Any help is appreciated, thank you very much :)

avacaondata commented 1 year ago

Okay removing the config.json I advanced a little bit, but now I got another error when doing the .from_pretrained() call with from_flax=True. The error is:

/home/alejandro.vaca/miniconda3/envs/nlp_rl/lib/python3.9/site-packages/flax/core/frozen_dict.py:169: FutureWarning: jax.tree_util.register_keypaths is deprecated, and will be removed in a future release. Please use `register_pytree_with_keys()` instead.
  jax.tree_util.register_keypaths(
Traceback (most recent call last):
  File "<stdin>", line 1, in <module>
  File "/home/alejandro.vaca/miniconda3/envs/nlp_rl/lib/python3.9/site-packages/transformers/models/auto/auto_factory.py", line 446, in from_pretrained
    return model_class.from_pretrained(pretrained_model_name_or_path, *model_args, config=config, **kwargs)
  File "/home/alejandro.vaca/miniconda3/envs/nlp_rl/lib/python3.9/site-packages/transformers/modeling_utils.py", line 1870, in from_pretrained
    model = load_flax_checkpoint_in_pytorch_model(model, resolved_archive_file)
  File "/home/alejandro.vaca/miniconda3/envs/nlp_rl/lib/python3.9/site-packages/transformers/modeling_flax_pytorch_utils.py", line 174, in load_flax_checkpoint_in_pytorch_model
    flax_state_dict = from_bytes(flax_cls, state_f.read())
  File "/home/alejandro.vaca/miniconda3/envs/nlp_rl/lib/python3.9/site-packages/flax/serialization.py", line 425, in from_bytes
    state_dict = msgpack_restore(encoded_bytes)
  File "/home/alejandro.vaca/miniconda3/envs/nlp_rl/lib/python3.9/site-packages/flax/serialization.py", line 407, in msgpack_restore
    state_dict = msgpack.unpackb(
  File "msgpack/_unpacker.pyx", line 201, in msgpack._cmsgpack.unpackb
msgpack.exceptions.ExtraData: unpack(b) received extra data.
rajcscw commented 1 year ago

That would not work because each checkpoint is not just a language model but also has the trainer, alg states etc. If you just need the final model, there will be a folder named model, that is the path you need to pass it to from_pretrained()

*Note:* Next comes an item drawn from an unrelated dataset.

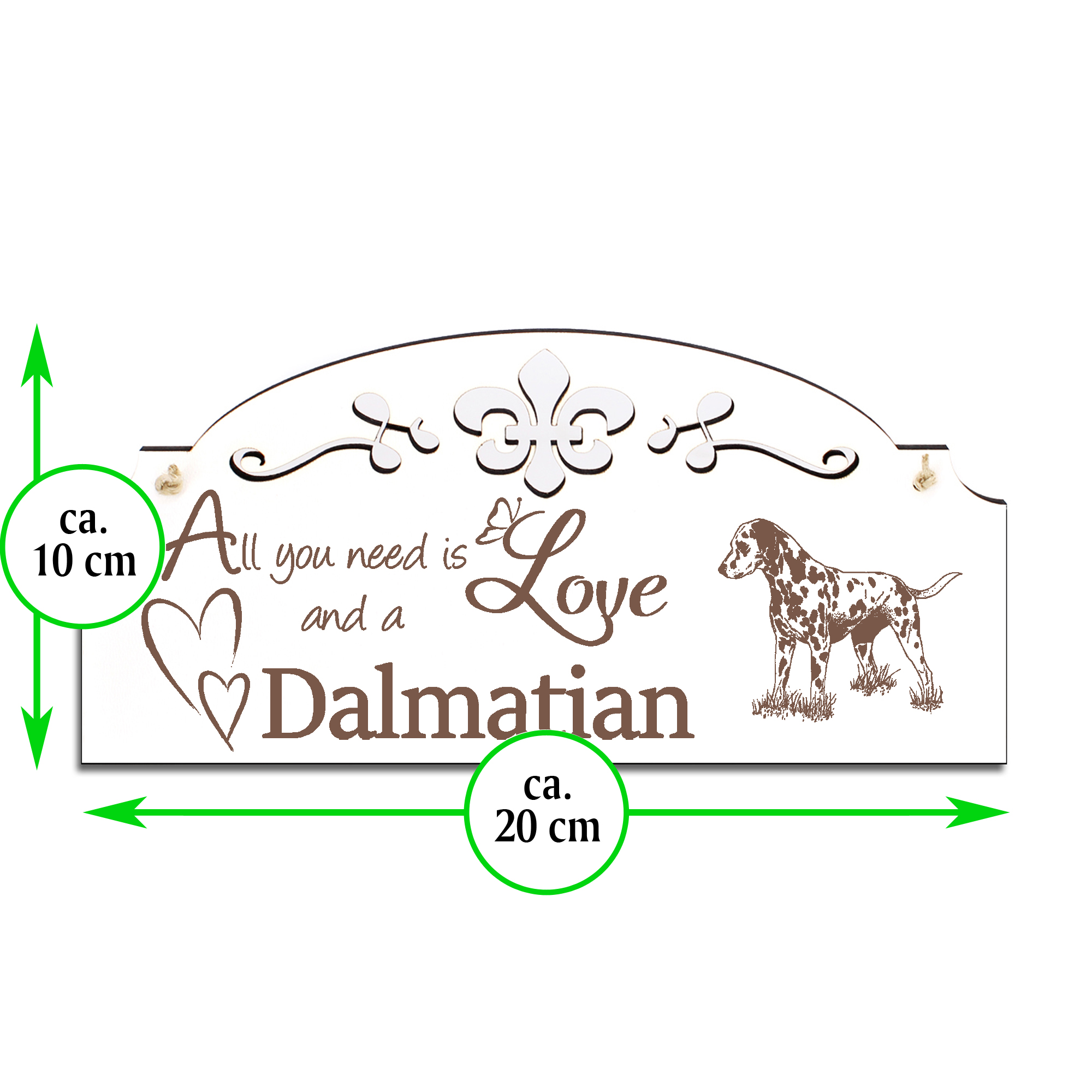 Schild Dalmatiner Deko 20x10cm - All you need is Love and a Dalmatian - Holz

But if your training is not finished and have only checkpoints, you can just run train_text_generation.py again by setting train_evaluation/n_iters=0 in the config and set the base_path_to_store_results, project name, experiment_name so that it loads the latest checkpoint correctly from base_path_to_store_results/project_name/experiment_name/checkpoints.

After this step, it should create a folder named model which you can pass it to from_pretrained()

avacaondata commented 1 year ago

Great that worked!! Thank you so much for helping me out !! @rajcscw :heart: We can close the issue.